I will argue the economics is the ecology of human societies. Money is a token measure of energy and materiel. Ecology is a study of the measure and flows of energy and materiel in the wider biosphere. Classical economics is the study competition between individual and organisation. There is cooperation and other behaviors that are seen in ecology. Lots of strategies and tactics are displayed by organisms. Taking these and applying them to economics problems and situation should be the main source for developing viable global warning measures.

Gnoll110

The Guerrilla Solar manifesto

Been reading Alternative Technology Association's (ATA) ReNew magazine. The current edition (#104, July-Sept 2008).

It has a great article entitle Guerrilla solar in the Aussie 'burbs. It's sub headed Installing grid-connect solar can be a frustrating process. Some people just give up and do it their own way, writes Avery 'Sonny' Daze and Jenny Rait.

It talks about putting a small system together. The dirty games that utilities play and getting a systems connected.

It ends this manifesto

The Guerrilla Solar manifesto

We hold these truths to be self-evident that all energy is freely and democratically provided by Nature, that utilities both public & private have no monopoly on the production and distribution of energy, that this century's monopolisation of energy by utilities threatens the health of our environment and the very life of our planet.
I. We, the Solar Guerrillas of this planet, therefore resolve to place energy made from sunshine, wind, and falling water on this planet's utility grids with or without permission from utilities or governments.
II. We resolve to share this energy with our neighbours without regard for financial compensation.
III. We further resolve that our renewable energy systems will be safe and will not harm utility workers, our neighbours, or our environment.
Signed: Solar Guerrillas of Planet Earth

What a great call to arms!


Gnoll110

Cycle, it's all cycles!

We’ve all seen the Atmospherics CO2 graph for the last few decades. It’s an upward trending line with an annual fluctuation. The uptrend is largely the result of the burning of coal & petroleum over the last 250 years. The annual fluctuation is caused by the photosynthesis/respiration/decay cycle of vegetation, the bulk of which is in the northern hemisphere.

Mauna Loa Carbon Dioxide

Ok, to stop the up trend, it pretty obvious what we need to do. Stop burn coal & petroleum! We need to shoehorn ourselves back into the annuals solar/geothermal energy budgets of the planet.

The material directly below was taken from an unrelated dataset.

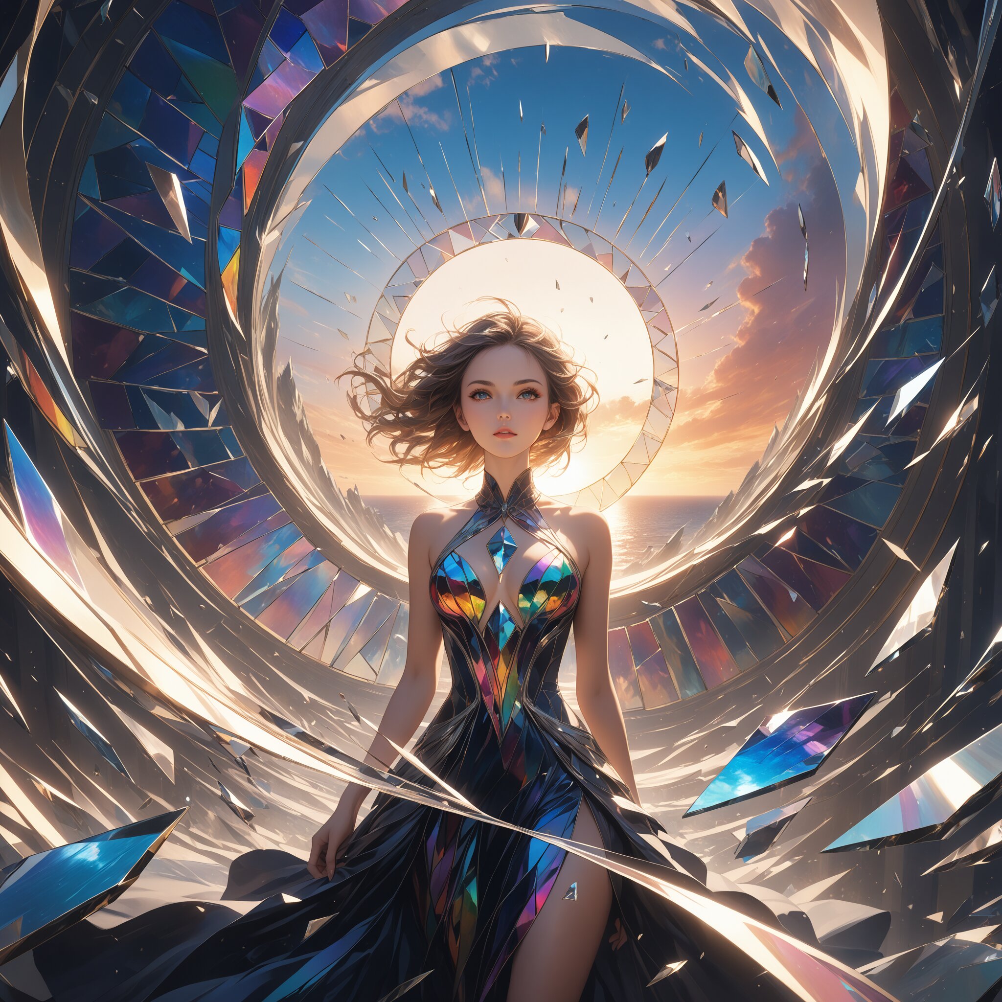 masterpiece, best quality, photorealistic, sharp focus, cinematic lighting, depth of field, beautiful composition, vibrant colors, ultra high res, 8K, highly detailed, masterpiece, best quality, very detailed, A dynamic wide-angle shot of a mystical woman whose body is composed of thousands of flying shards of mirrors and stained glass. The shards are swirling in a giant vortex, momentarily forming her beautiful face and torso. Through the gaps between the shards, a sunset sky with two moons is visible. The reflection on each shard shows a different timeline. Cinematic action shot, fractured composition, vibrant colors, iridescent reflections, dreamlike, masterpiece.

For some reason that’s beyond me, the knee jerk reaction seem to be to try to ‘freeze’ carbon out of the atmosphere using whatever mean is available. To shoehorn ourselves back into the annuals energy budgets of the planet we need to work with the carbom cycle, even accelerate it, not freeze within parts of it. This topic will be an assay in its own right, for the future. Stay tuned.


Gnoll110

Carbon & its history

You didn't realise how basic peoples understanding of a well known problem can be at times.

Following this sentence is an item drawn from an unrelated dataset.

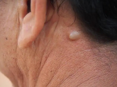 脂肪瘤耳朵后面出现了几个圆形软包图

Yes, not all carbon was created equal. History counts!

Here is part of a thread on the subject.

My initial post, part of a wider thread.

> One issue is how much GH gases you release, but more important is where the carbon (including embody energy) came from in the first place. Is a fire better that an electric light? Would the depend of if the electricity is solar or gas or oil or coal fired. Is the fire a wood fire or brickettes?
>
> I always ask, "where was that energy a year ago, 10 years ago, a hundred years and a thousand years ago?" Ultimately you're going to end up in one of four places. The sun, heat in the crust or below, the moon (tidal) or in a since mined crust deposit (I use this wording to cover exhaustible fossil fuels & radioactives).
>
> I'll leave you to work out witch 3 are exceptable and witch one isn't!

The initial response.

Hi there I'm still a newbie with lots to learn. So correct me if I am wrong you are saying condensed burning a 10 year old tree is more acceptable than condensed burning a 10 million year old tree and of the same ammount ?

I think the question was is the release greater at the power station than if every household was burning ?. There is simply no space on standard household blocks to have a huge array to produce their own solar energy to meet the same loads, that would also be the argument that appliances not just lights are just as inefficient as current solar technology :)

My reply, on why I think carbon is not all equal. History (source) counts.

The carbon in the tree is carbon that is in the carbon cycle. It moves through different parts of the biosphere over time. Moving between plants, animals, the atmosphere, the oceans and soils. Each of these five can be though of as a 'pool'. This carbon is constantly on the move. Part of the ongoing cycle of the biosphere and life. This carbon has fuelled human societies since we could rub two sticks together and this movement is generally fuelled by the sun.

Fossil carbon has been out of the above pools for ten if not hundreds of millions of years. When you burn fossil fuel you’re releasing 'new' carbon on the biosphere, and it usually ends up in the atmospheric or oceanic pools.

So when you burn carbon to make light (or movement or heat etc), it’s the history of that carbon that is important.

When it comes to removing carbon, it don't matter which carbon you remove.

How we farm, graze, forest and fish is important, but to a lesser degree. These processes determine how carbon is distributed between the five 'pools'. We need to move carbon to the plants, animals and the soils 'pools' from the atmospheric and oceanic 'pools'. The atmosphere and the oceans are so closely coupled in some ways they are just one 'pool'.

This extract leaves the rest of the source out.